The Dow Jones Industrial Average fell 300 points as of 10:10 am Thursday after the Institute for Supply Management reported the second-lowest reading for the US services sector since the Great Recession. The market reduced its loss to 100 points by 10:30 am.

Earlier this week, ISM reported a plunge in its manufacturing index to the lowest level since 2009. With manufacturing in recession and services barely growing, the US economy is tipping towards recession. The US stock market has now lost almost 5% of its value during the past week.

This isn’t looking like “the greatest economy that we’ve had in our history, the best,” as President Donald Trump has characterized it. Yesterday I asked whether Trump could step back from the trade war with China in time to avoid a recession. After this morning’s data, the answer evidently is, “Perhaps not.”

Capital investment and manufacturing both shrank during the second half but consumer spending kept the economy growing at a 2% annual rate during the third quarter. With employment barely growing according to the ISM survey, consumers are likely to save rather than spend. As many economists have observed, consumer survey data shows far less optimism about the future than about present conditions, a warning sign of consumer caution. 

In a separate report, the Census Bureau reported a decline in new orders for nondefense capital goods. Year-on-year, capital goods orders are down about 2%.

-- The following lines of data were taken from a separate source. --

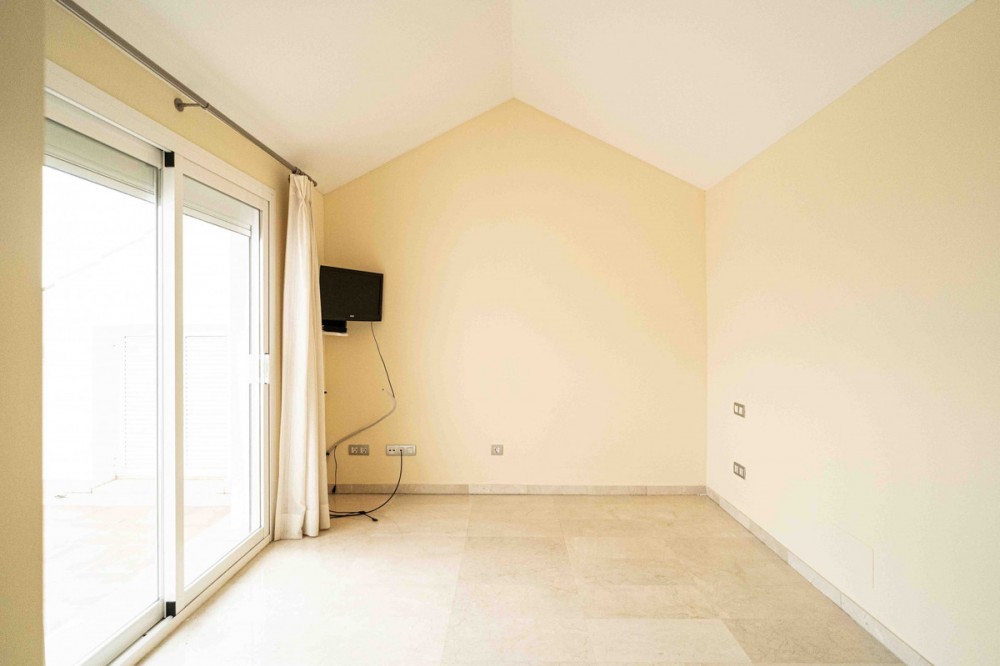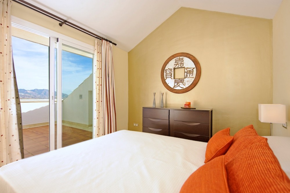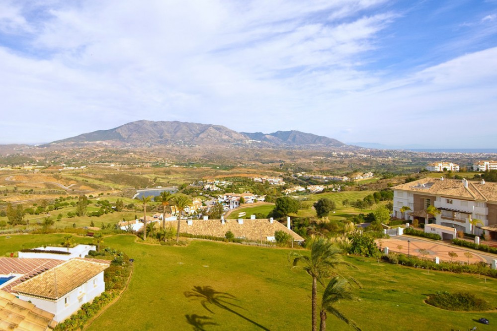 - Fantastic opportunity to buy a Duplex penthouse in front line golf with open panoramic views Ample 3 bedrooms and 3 bathrooms, with highest quality finishes and outstanding views to the three golf courses, mountains and sea. - Luxury fittings including hot and cold air conditioning, double glazed doors and windows - Jacuzzi bath and underfloor heating in main bathroom - Two terraces, open and covered - Fine cream marble floors throughout - Fully fitted kitchen incl. electrical appliances - Built-in wardrobes in all bedrooms - Electric shutters and alarm system installed - Large community pool and beautiful gardens - Private gated community - Private garage space and store room
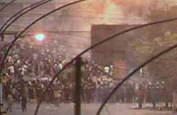De las imágenes transmitidas por RPP y otros canales se advierte un torpe accionar de la policía. Incluso se les ve en tropel corriendo a velocidad, como si estuviesen en carrera de hipódromo, tras lo cual se dan con una muchedumbre que los repele a palazos y se ven obligados a replegarse, acción que pudo haber causado lesiones serias a las personas.
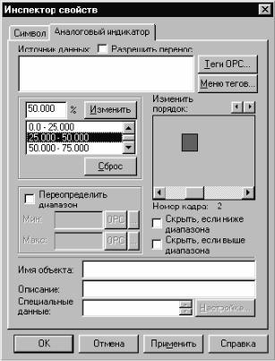 вместе своего создания в рабочей области экранной формы, когда значение связанного источника данных находится в пределах выбранного поддиапазона. При этом остальные объекты группы не отображаются. Переход значения источника данных в другой поддиапазон приводит к скрытию ранее отображаемого объекта и включению отображения другого графического объекта группы, которому соответствует текущий поддиапазон. Количество поддиапазонов равно количеству графических объектов в группе. Единицы измерения в поддиапазонах – проценты от полной шкалы значения связанного источника данных.
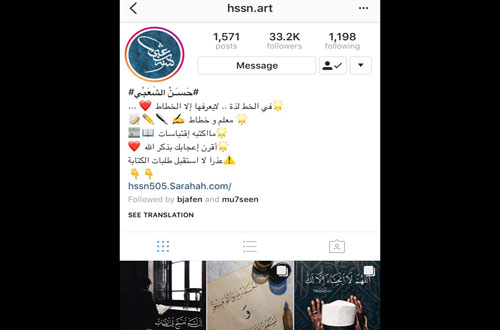 خطاط ومعلم، حسابه غني باقتباسات بالخط العربي، يشير من خلالها إلى التقنيات والتطبيقات التي استخدمها إضافة إلى الأدوات كنوع الورق والحبر.
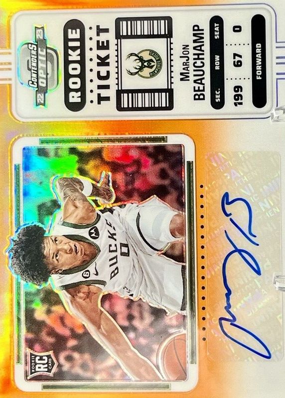 2022-23 Contenders Optic MarJon Beauchamp RC Variation Ticket Orange Auto /25
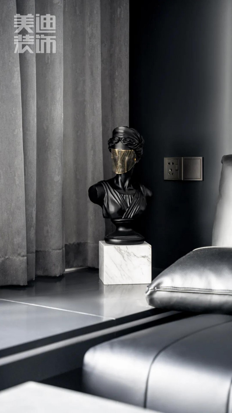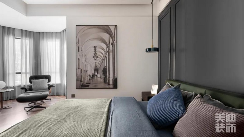 臥室黑白搭配的顏色,現(xiàn)代設(shè)計(jì)感十足的全銅吊燈垂于床頭兩側(cè),精致奢華,莫蘭迪色床品清新舒適感滿滿,白色背景墻上的晶瓷裝飾畫,整個(gè)空間被藝術(shù)感包圍。

The United States is running a trillion-dollar budget deficit and an expansionary monetary policy. The combination of fiscal and monetary stimulus has supported growth in consumer spending. It also has buoyed stock prices, as large US companies borrow at low rates and pass the proceeds on to their shareholders in the form of equity buybacks and dividends. This is a fragile state of affairs. Trump’s economic advisers should have explained to him that the economy has been on a sugar high and might be subject to a sharp letdown.

Consumer survey data, for example the widely-followed University of Michigan Survey, indicate uncertainty among consumers. If hiring in the services sector slows sharply in line with the ISM report, consumers will retrench and US economic growth will slow to a halt.